BOSTON, Aug. 29, 2022 (GLOBE NEWSWIRE) -- Galecto, Inc. (NASDAQ: GLTO), a clinical stage biotechnology company focused on the development of novel treatments for fibrosis and cancer, today announced a recent publication in the Journal of Cancer Research and Clinical Oncology,1 a peer-reviewed scientific journal, supporting the Company’s ongoing clinical programs by reinforcing the foundational galectin-3 biology underlying Galecto’s approach to the inhibition of galectin-3 for the treatment of cancer.
The journal article provides confirmation for the hypothesis that high levels of galectin-3 expression have a strong correlation with tumor resistance to checkpoint inhibitors. The publication includes study data from a group of patients with varying degrees of galectin-3 expression, with patients being categorized as having either “high” or “low” levels based on their blood galectin-3 levels. Patients in the high galectin-3 expression group showed significantly shorter overall survival (1.6 vs. 12.3 months, p = 0.018) and trends toward reduced progression-free survival (0.9 vs. 3.7 months, p = 0.196) when compared to patients in the low galectin-3 expression group. The Company believes that the inhibition of galectin-3 by GB1211, Galecto’s selective oral small molecule candidate, could lead to an increase in the efficacy of checkpoint inhibitors in cancer patients with high galectin-3 expression.
Preclinical data presented at the 2022 American Society of Clinical Oncology Annual Meeting in May 2022 showed that galectin-3 may be a key cause of resistance to checkpoint inhibitors. Further, it was shown that GB1211 reversed the galectin-3 induced blockage of the checkpoint inhibitors atezolizumab and pembrolizumab and increased the effects of these checkpoint inhibitors. GB1211 is currently being evaluated in combination with atezolizumab in a Phase 2a trial for the first-line treatment of non-small cell lung cancer (NSCLC).
Professor Dong-Wan Kim, MD, Ph.D., of Seoul National University Hospital, commented, “We were impressed by the difference between patients with low galectin-3 and those with high galectin-3 in terms of overall survival.
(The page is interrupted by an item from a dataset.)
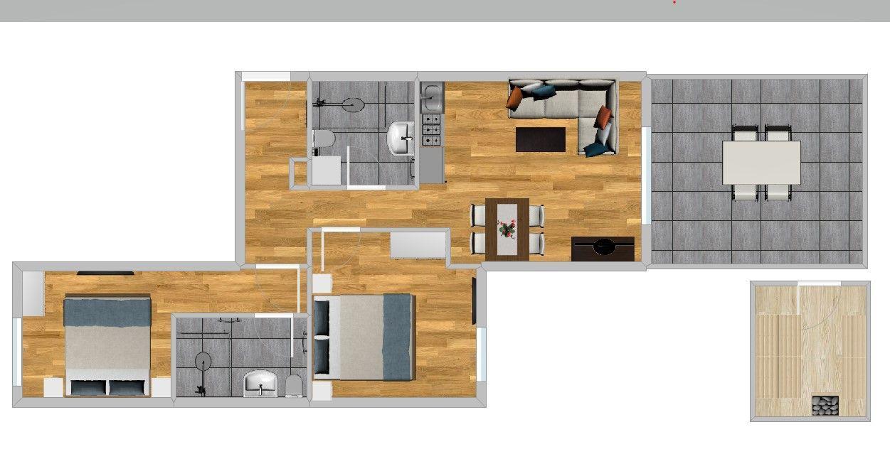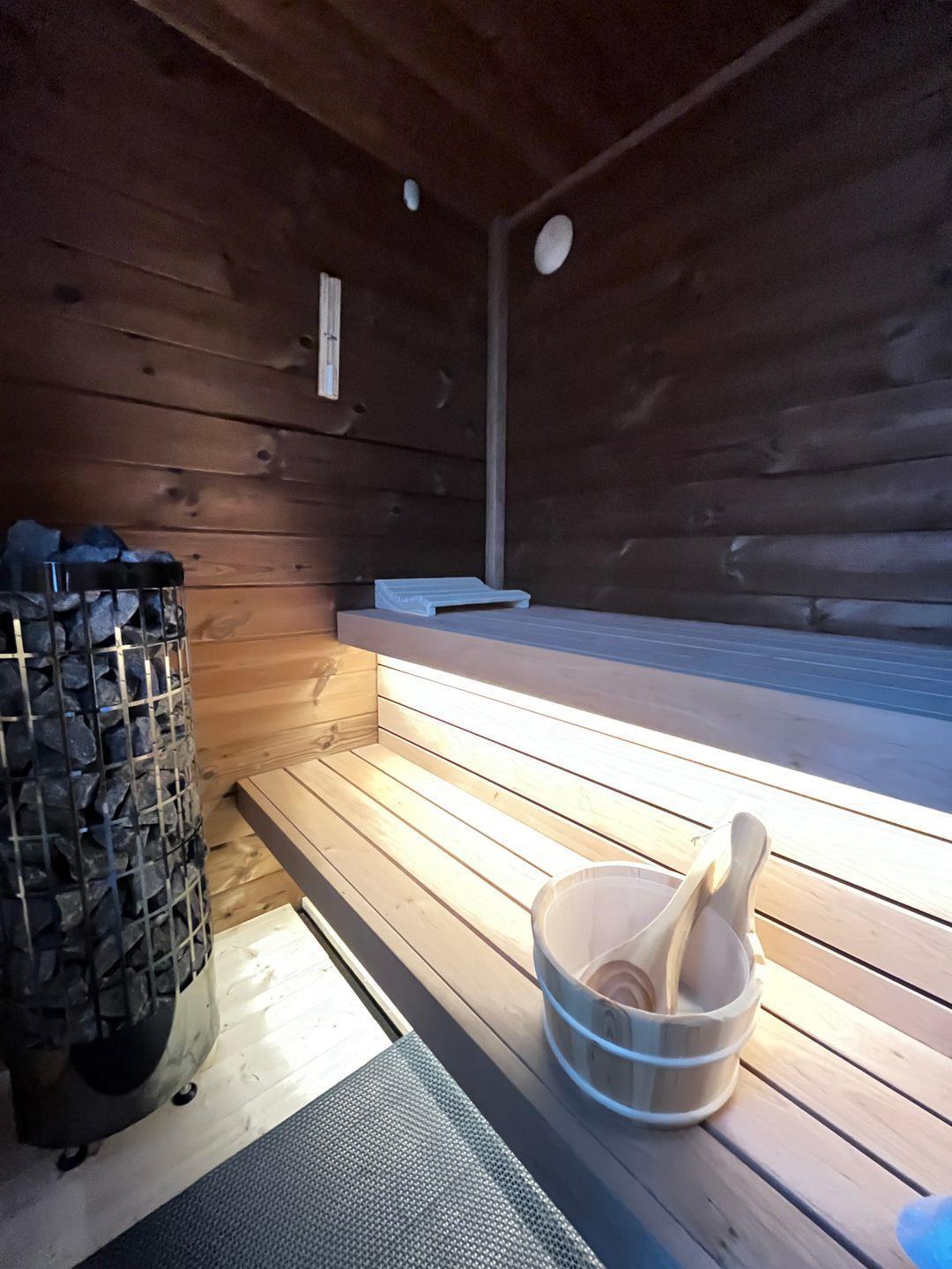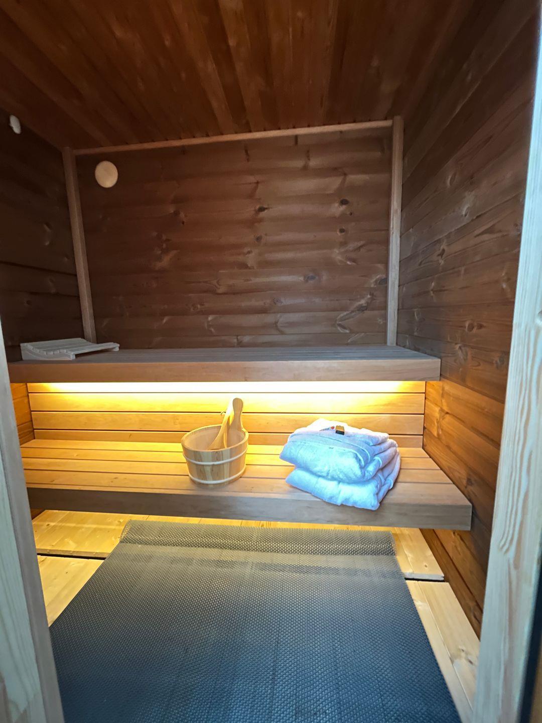 Die Sonne hat euch noch nicht genug eingeheizt? Dann bringt euch die kleine Aussensauna für 2-4 Personen auf Temperatur. Die Terrasse lädt zum gemütlichen Beisammensein ein.

Galectin-3 may be a clinically important marker for resistance to checkpoint inhibitors, and gives a rationale for the combination of a galectin-3 inhibitor with a checkpoint inhibitor to improve responses in lung cancer patients, and ultimately may be used to select cancer patients who may benefit from galectin-3 inhibition.”
Professor Bertil Lindmark, Chief Medical Officer of Galecto, added, “The data included in the publication strengthens our belief that GB1211, which is designed to reduce the presence and activity of galectin-3, may increase the efficacy of checkpoint inhibitors in our ongoing Phase 2a NSCLC trial. The systemic level of galectin-3 may be a marker of checkpoint inhibitor resistance and potentially an easily accessible tool for identifying patients who (i) are not likely to respond to checkpoint inhibition and (ii) may benefit from galectin-3 inhibition.”
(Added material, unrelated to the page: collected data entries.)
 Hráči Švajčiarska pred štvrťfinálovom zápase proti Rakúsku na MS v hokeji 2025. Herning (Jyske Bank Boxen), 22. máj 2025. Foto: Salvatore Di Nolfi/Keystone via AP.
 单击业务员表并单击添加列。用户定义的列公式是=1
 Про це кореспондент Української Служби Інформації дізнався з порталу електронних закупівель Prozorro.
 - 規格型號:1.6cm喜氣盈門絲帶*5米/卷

Galecto is a clinical stage company incorporated in the U.S. that is developing small molecule-based inhibitors of galectin-3 and LOXL2. Galecto has four ongoing Phase 2 clinical programs in fibrosis and cancer, including (i) an inhaled galectin-3 modulator (GB0139) in a phase 2b trial for the treatment of idiopathic pulmonary fibrosis (IPF); (ii) an orally active LOXL2 inhibitor (GB2064) in a phase 2 trial for the treatment of myelofibrosis; (iii) an orally active galectin-3 inhibitor (GB1211) in a phase 1b/2a trial in liver cirrhosis and (iv) an orally active galectin-3 inhibitor (GB1211) in a separate phase 2 trial for the treatment of non-small cell lung cancer (NSCLC) in combination with atezolizumab (Tecentriq®).
Galecto intends to use its website as a means of disclosing material non-public information. For regular updates about Galecto, visit www.galecto.com.
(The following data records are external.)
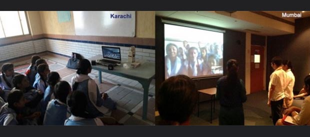 In the first “Indo-Pak Classroom Connect”, they connected the grade 7 classroom of Ecole Mondiale World School (Mumbai) and Government Girls’ Secondary School (Gizri, Karachi) through video conference to facilitate interaction between students.The interaction took place on 2nd December and students interacted with each other over different issues. The students also discussed their history textbooks and tried to know the reason for partition.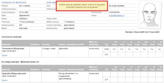 hoeven te worden. Pas bij klikken op de pasfoto wordt de toedienlijst van de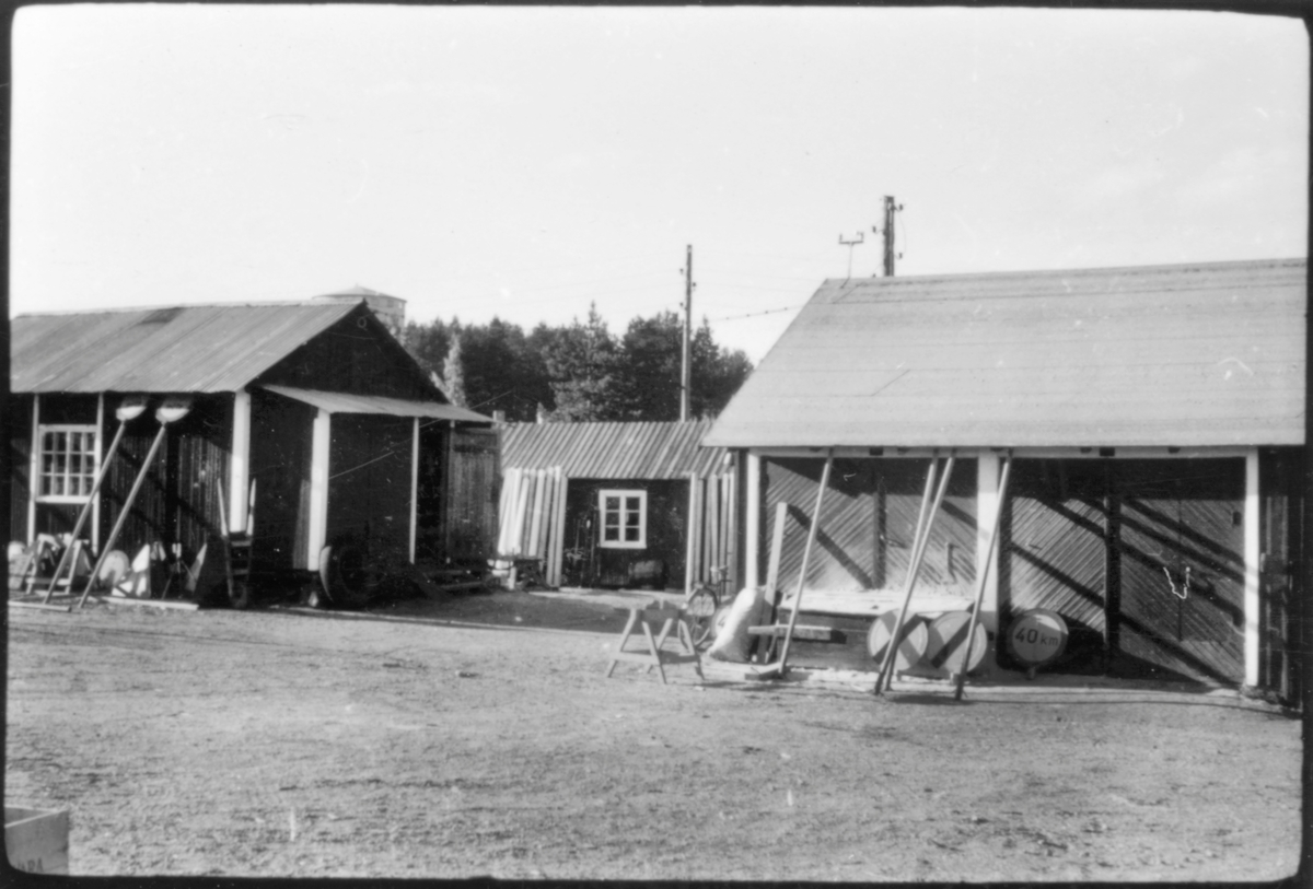 Vägstation AC14, Lycksele. Förrådsbyggnad till vänster, garagebyggnad till höger. Vägmärken uppställda mot väggen, bland annat "Hastighetsbegränsning upphör", hastighetbegränsningsmärke "40".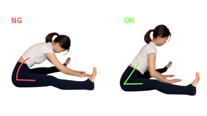 - 体を前に倒し、両脚を広げることで適切な筋肉を伸ばします。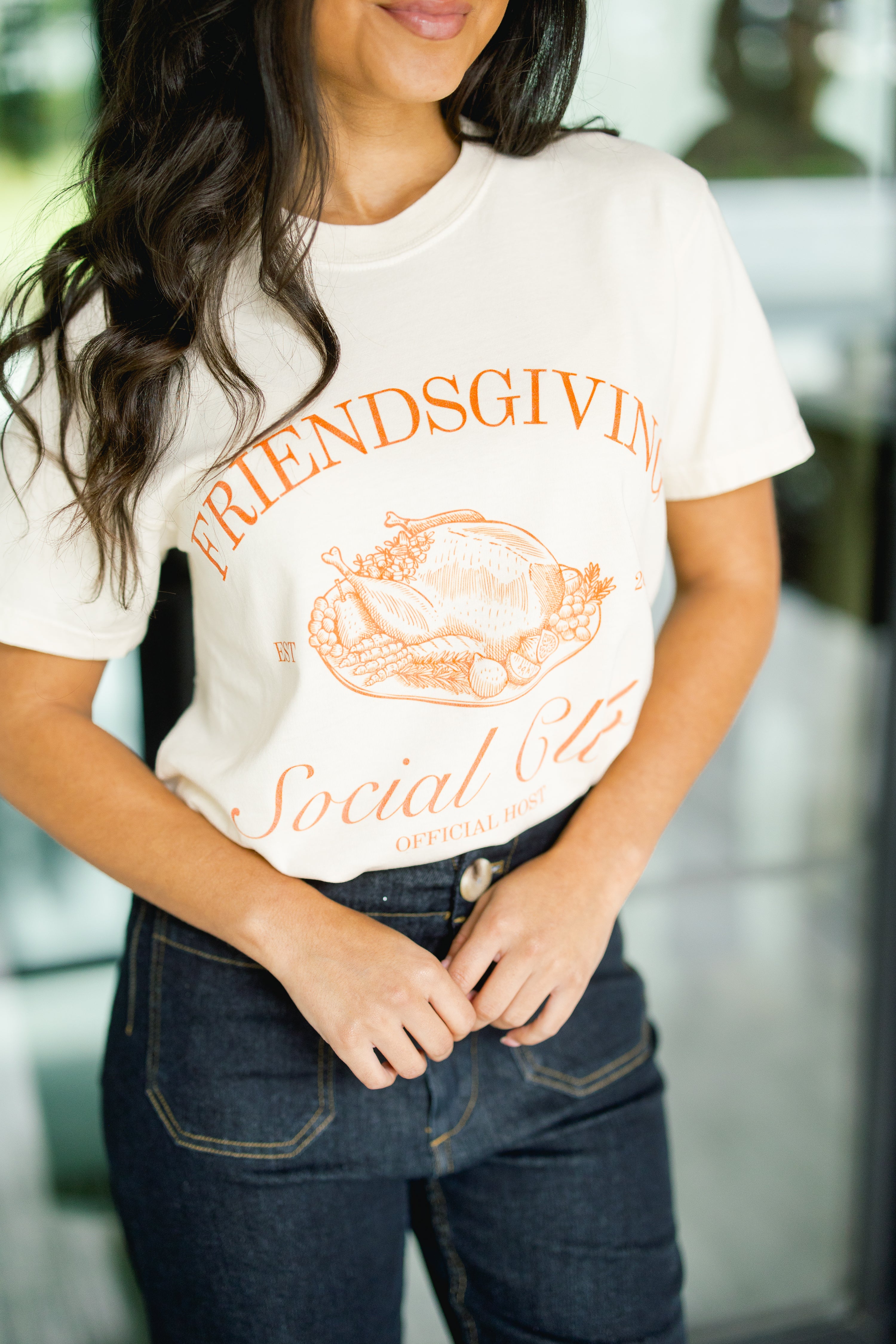 Join the club this Friendsgiving with our playful graphic tee! Show off your love for friends and fun with this quirky design. Perfect for any Friendsgiving celebration, this tee is sure to add a touch of humor and style to your festivities!

Certain statements in this press release are forward-looking statements that involve a number of risks and uncertainties. Such forward-looking statements include statements about the potential safety and efficacy of GB1211 in combination with atezolizumab, the ability of GB1211 to reduce the presence and activity of galectin-3 and increase the efficacy of checkpoint inhibitors in cancer patients with high galectin-3 expression, the timing for potential data readouts from our clinical trial of GB1211 and Galecto’s focus and plans for clinical development of its product candidates and pipeline. Such forward-looking statements include statements about Galecto’s focus, plans for clinical development, product candidates and pipeline. The words “may,” “will,” “could,” “would,” “should,” “expect,” “plan,” “anticipate,” “intend,” “believe,” “estimate,” “predict,” “project,” “potential,” “continue,” “target” and similar expressions are intended to identify forward-looking statements, although not all forward-looking statements contain these identifying words. For such statements, Galecto claims the protection of the Private Securities Litigation Reform Act of 1995. Actual events or results may differ materially from Galecto's expectations. Factors that could cause actual results to differ materially from the forward-looking statements include risks and uncertainties related to the development of Galecto’s product candidates and their therapeutic potential, having adequate funds and their use, and those disclosed in Galecto’s filings with the Securities and Exchange Commission (SEC), including, but not limited to, Galecto’s Annual Report on Form 10-K, as filed with the SEC on February 17, 2022. These forward-looking statements represent Galecto's judgment as of the time of this release. Galecto disclaims any intent or obligation to update these forward-looking statements, other than as may be required under applicable law.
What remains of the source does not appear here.